**Exercise brief:**
Give again, unaltered, the line with "这样多场比赛之后,英超最新积" and all lines that follow it in the listing below, minus any pictures.

**Supplied material:**
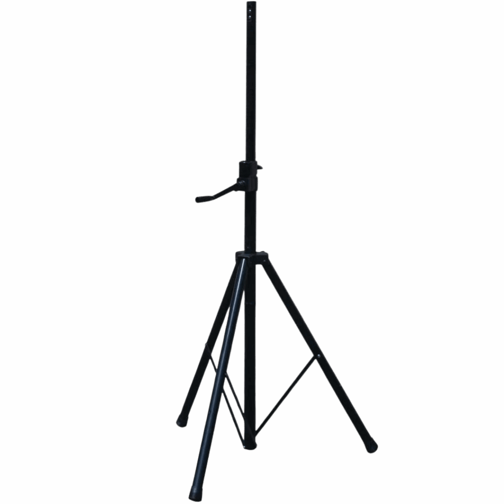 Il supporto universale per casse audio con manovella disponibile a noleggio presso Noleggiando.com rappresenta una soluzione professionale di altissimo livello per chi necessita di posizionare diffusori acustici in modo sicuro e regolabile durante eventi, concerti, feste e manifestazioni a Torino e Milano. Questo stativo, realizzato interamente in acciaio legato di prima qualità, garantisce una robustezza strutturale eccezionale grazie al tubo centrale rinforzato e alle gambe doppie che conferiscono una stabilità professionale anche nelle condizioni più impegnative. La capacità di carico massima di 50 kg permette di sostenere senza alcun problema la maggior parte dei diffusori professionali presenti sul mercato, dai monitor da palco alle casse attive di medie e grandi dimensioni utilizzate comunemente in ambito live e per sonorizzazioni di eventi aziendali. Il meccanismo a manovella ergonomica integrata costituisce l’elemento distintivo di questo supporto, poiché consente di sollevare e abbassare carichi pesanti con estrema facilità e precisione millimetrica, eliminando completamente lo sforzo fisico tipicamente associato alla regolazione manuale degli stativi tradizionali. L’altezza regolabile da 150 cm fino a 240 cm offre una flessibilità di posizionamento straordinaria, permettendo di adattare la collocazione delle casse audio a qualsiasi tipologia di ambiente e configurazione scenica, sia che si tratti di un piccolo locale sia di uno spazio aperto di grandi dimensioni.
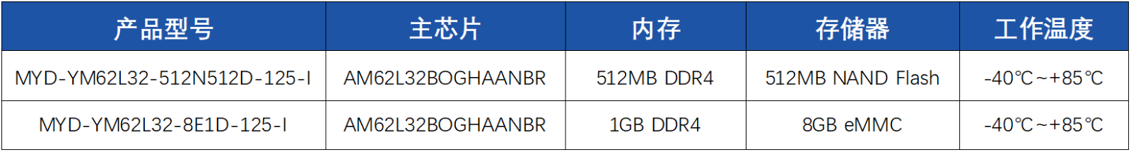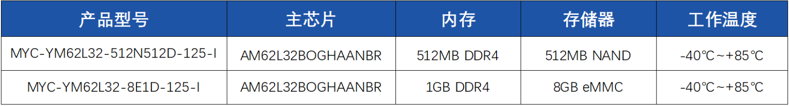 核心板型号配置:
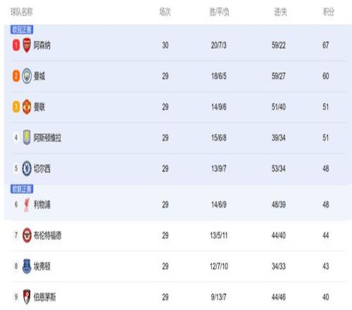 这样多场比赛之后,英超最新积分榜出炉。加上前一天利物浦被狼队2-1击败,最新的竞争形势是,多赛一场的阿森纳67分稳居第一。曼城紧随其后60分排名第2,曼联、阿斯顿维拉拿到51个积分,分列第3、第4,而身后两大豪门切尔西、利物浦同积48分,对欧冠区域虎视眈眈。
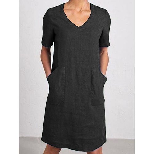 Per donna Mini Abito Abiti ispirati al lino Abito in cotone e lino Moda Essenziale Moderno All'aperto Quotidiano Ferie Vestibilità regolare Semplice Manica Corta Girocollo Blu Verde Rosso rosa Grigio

**Expected output:**
 这样多场比赛之后,英超最新积分榜出炉。加上前一天利物浦被狼队2-1击败,最新的竞争形势是,多赛一场的阿森纳67分稳居第一。曼城紧随其后60分排名第2,曼联、阿斯顿维拉拿到51个积分,分列第3、第4,而身后两大豪门切尔西、利物浦同积48分,对欧冠区域虎视眈眈。
 Per donna Mini Abito Abiti ispirati al lino Abito in cotone e lino Moda Essenziale Moderno All'aperto Quotidiano Ferie Vestibilità regolare Semplice Manica Corta Girocollo Blu Verde Rosso rosa Grigio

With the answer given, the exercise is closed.